Мысли мои бешено завертелись. Истина медленно открывалась мне: Кэт, Хэпзиба, отец Доминик, Шем – все они знали. Знали причину, по которой мать калечит себя, почему смерть отца в той или иной степени положила конец и жизни матери. Даже почему его трубка была погребена под грудой всякого хлама в ее ящике, а не лежала на дне океана. Все они и царившая вокруг атмосфера были похожи на впавших в зимнюю спячку цикад, которые живут под землей семнадцать лет, а затем однажды, когда колесо Цирцеи совершает оборот, выползают на свет.

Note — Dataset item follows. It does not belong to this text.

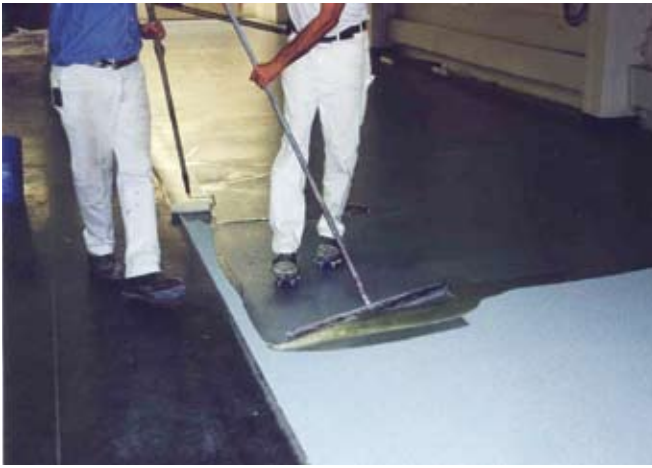
Fig. 4: Special epoxy- and copolymer-modified cementitious overlays are used as a separation layer between the base concrete and the applied flooring system

Я быстро посмотрела на отца Доминика, который встретил мой взгляд, подняв уголки рта в сдержанной улыбке, стараясь вселить в меня уверенность.
Они знали все уже тридцать три года. Когда я была маленькой девочкой и рисовала кораблекрушение, когда я собирала розы в монастырском саду и разбрасывала их лепестки как прах отца по всему острову. Всякий раз, когда я приезжала навестить мать, они знали.
Хэпзиба усадила мать на складной стул рядом с прилавком. Я заметила, что банки у нее в руках уже нет и она стоит между кассой и выставленными образцами жевательной резинки без сахара. Меня поразило, что мать опустилась на стул с замечательным смирением.
Сегодня Хэпзиба обошлась без какой-либо прически, а просто заплела волосы в косички. Я заметила, как она пальцем почесала голову в проборе между косичками, а другой рукой похлопала мать по запястью. Когда я сидела здесь в последний раз, Кэт, Хэпзиба и Бенни ели ореховое мороженое.
Стоя у двери рядом с Кэт, я впервые подумала: то, что они затеяли – это так называемое «воспоминание» или «сочленение», как выразилась Кэт, – может оказаться вредно для матери. А что, если правда ошеломит ее, снова сломит, заставит свернуться клубком на полу?
Наклонившись к Кэт и понизив голос, я сказала:
– Я хочу, чтобы мать сталкивалась с происходящим не меньше, чем другие, но правильно ли действовать именно так? Я имею в виду – она ведь только что вышла из больницы.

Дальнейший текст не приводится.